» **Material for this exercise**:
☆ ☆ ☆ ☆
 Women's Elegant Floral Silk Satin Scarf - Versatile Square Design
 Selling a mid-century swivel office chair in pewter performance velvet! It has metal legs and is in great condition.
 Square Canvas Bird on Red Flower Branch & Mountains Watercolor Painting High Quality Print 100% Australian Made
☆ ☆ ☆ ☆
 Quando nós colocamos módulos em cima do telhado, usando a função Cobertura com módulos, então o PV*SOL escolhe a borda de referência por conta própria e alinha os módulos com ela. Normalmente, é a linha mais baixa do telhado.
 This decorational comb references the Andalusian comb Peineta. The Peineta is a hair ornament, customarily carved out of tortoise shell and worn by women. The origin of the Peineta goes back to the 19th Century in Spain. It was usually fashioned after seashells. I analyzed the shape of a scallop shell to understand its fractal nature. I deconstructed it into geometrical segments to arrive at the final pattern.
☆ ☆ ☆ ☆
» **What is expected**: In the material above, transcribe exactly the lines beginning at the one with "Selling a mid-century" and ending at the one with "Square Canvas Bird", both included.

» **Exercise response**:
 Selling a mid-century swivel office chair in pewter performance velvet! It has metal legs and is in great condition.
 Square Canvas Bird on Red Flower Branch & Mountains Watercolor Painting High Quality Print 100% Australian Made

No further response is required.